Решили начать издалека, из Владивостока, и постепенно, шаг за шагом, станция за станцией, на каждой открывая хотя бы бюст, добраться до Москвы наконец. А в Москве тем временем привыкнут, что есть у нас такая традиция — открывать памятники Солженицыну, и даже ревновать начнут: «А как же мы?.. Безобразие, куда смотрит мэр!». Так оно по замыслу устроителей.
Владивостокский памятник уже омрачён скандалом: задержан молодой человек, повесивший на него табличку «Иуда». (Существует мнение, будто бы Советский Союз рухнул, не выдержав предательской тяжести «Архипелага Гулага». Этим мнением мы обязаны либералам, называемым тогда «демократами»: «Вот напечатают „Архипелаг“ и Сове конец», — говорили они, щурясь друг на друга сквозь дым сигарет «Партагаз» и «Легерос», более известных как «Смерть под парусом». Теперь его исповедуют ретро-патриоты: «Иуда, иуда проклятая! — говорят они. — Есть сведенья, что он вообще не сидел! А лежал, и его лечили!».)
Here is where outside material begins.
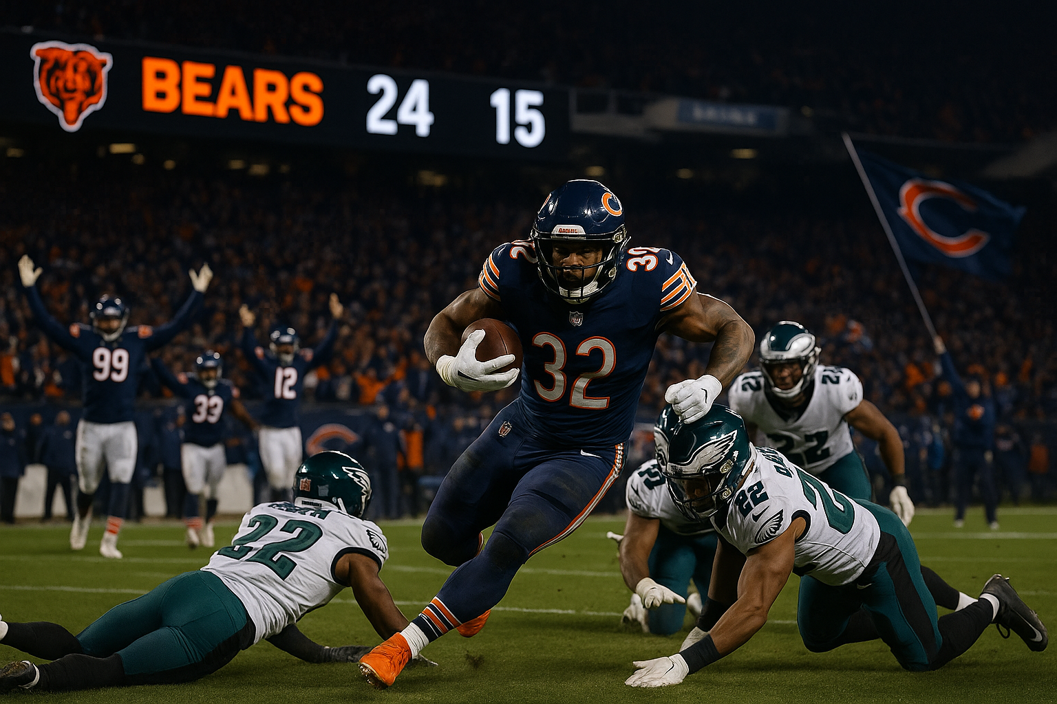 Os Chicago Bears garantiram uma vitória por 24-15 sobre os Philadelphia Eagles na Black Friday, marcando sua quinta vitória consecutiva e entregando aos campeões defensores do Super Bowl sua segunda derrota seguida. O ataque correndo de Chicago dominou com 281 jardas, enquanto sua defesa forçou turnovers chave para selar o jogo.

Всё это, конечно, эмоции. И, как всякие эмоции, вздор. Солженицын, может, был и не самым приятным во всех отношениях человеком (такое вообще редко случается с большими людьми), но незаурядность его таланта — сначала литературного, а затем и затмившего литературный публицистического — очевидна. А юношу жалко, конечно. Будем надеяться, что для него и его родных всё более или менее обойдётся.
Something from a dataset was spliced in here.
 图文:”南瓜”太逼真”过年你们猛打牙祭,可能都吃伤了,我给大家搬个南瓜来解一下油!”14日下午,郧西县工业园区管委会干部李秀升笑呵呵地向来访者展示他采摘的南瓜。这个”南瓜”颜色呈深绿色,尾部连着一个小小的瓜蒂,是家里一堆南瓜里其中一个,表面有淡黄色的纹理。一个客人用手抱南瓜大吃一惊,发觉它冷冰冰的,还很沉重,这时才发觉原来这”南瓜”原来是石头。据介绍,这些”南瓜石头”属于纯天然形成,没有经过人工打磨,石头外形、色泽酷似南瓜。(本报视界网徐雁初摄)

Кстати, вспоминается происшествие, случившееся с Достоевским. Однажды он подвергся нападению хулигана, ударившего немолодого и весьма нездорового писателя по затылку. Хулигана, обременённого, как выяснилось, семьёй, поймали и подвергли суду. Дела его сложились бы плохо, если бы не заступничество самого Достоевского. Писатель встал на защиту своего обидчика столь рьяно, что тот был, в конце концов, отпущен.
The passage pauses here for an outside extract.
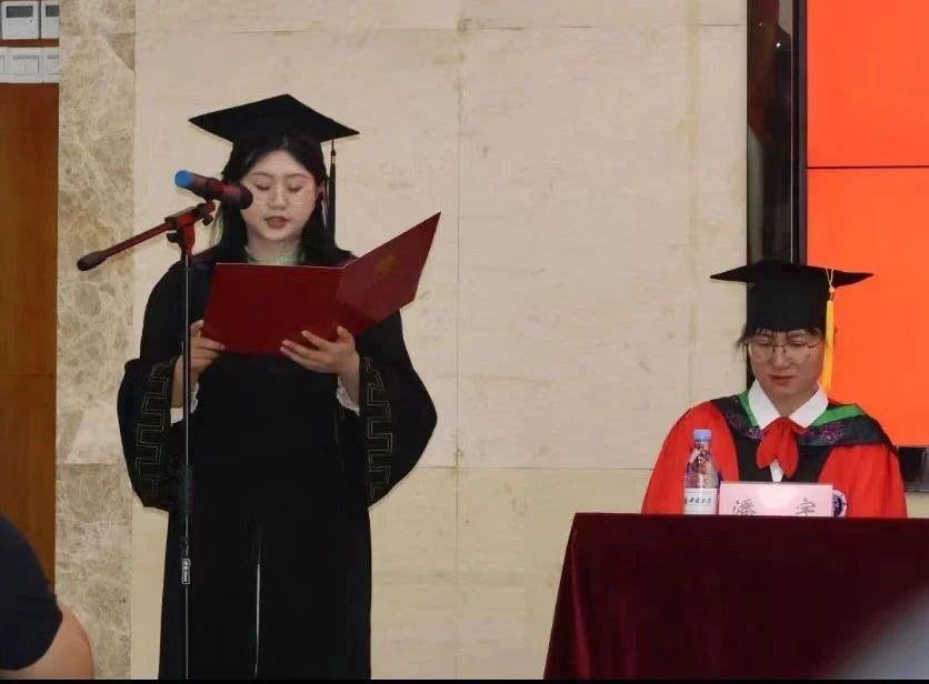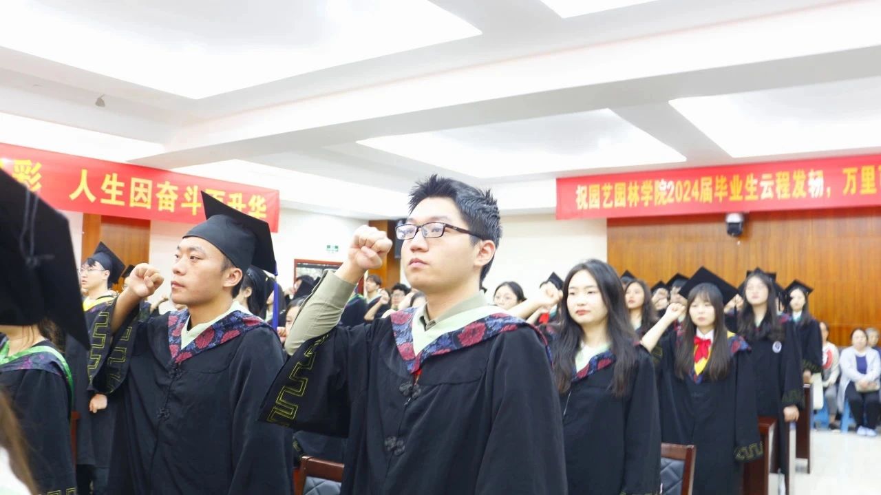 在毕业生宣誓环节,2024届毕业生代表张程凯领誓,全体毕业生庄严起誓。誓言嘹亮,掷地有声,代表着艺林学子对未来的凌云豪情,不负学校的期望和老师们的谆谆教诲。

Ну да Бог с ними. Вернёмся к нашему проекту — «Сто памятников к столетию». Возможен ли он? Почему нет. Вспоминается недавняя попытка демарша некоторых маститых литераторов — дескать, не торопимся ли мы чествовать на государственном уровне классика с недовыясненной репутацией? Помнится, ему тогда достаточно быстро и артикулировано объяснили, что нет, не торопимся.
Что ж, у сильных мира сего свои слабости. Кто-то любит блевотину североамериканских медведей, кто-то — скульптуры Церетели, а кто-то — заниматься физкультурой и Солженицына. К этому нужно относиться спокойно, с этим нужно жить. Это нужно уметь обращать на благо общества.
Я сейчас скажу вещь, от которой девять человек из десяти перекорёжит, но я её всё-таки скажу — для десятого. Не важно, что сделал Солженицын и чего он не сделал. А также, каким он парнем был. Совершенно не важно. Раньше в каждом районном центре, в каждом крупном селе, в центральных усадьбах совхозов, на железнодорожных станциях, в городских парках, просто во дворах — стояли памятники Ленину. Это было не плохо. Это было скорее хорошо. Невидимые силовые линии между ними покрывали страну прочной сетью. Под сенью памятников салютовали пионеры и лузгали семки влюблённые, копошились малыши и косолапили за мамкой жёлтенькие с чёрненькими крылышками утята. Это был не просто какой-то памятник, это был — Ленин. Предок, родовой столб. Идол, кумир, лингам, капи, омфал, пуп земли — всё вместе, объединённое одним словом. Отличная идея была. Ну, для безбожной страны.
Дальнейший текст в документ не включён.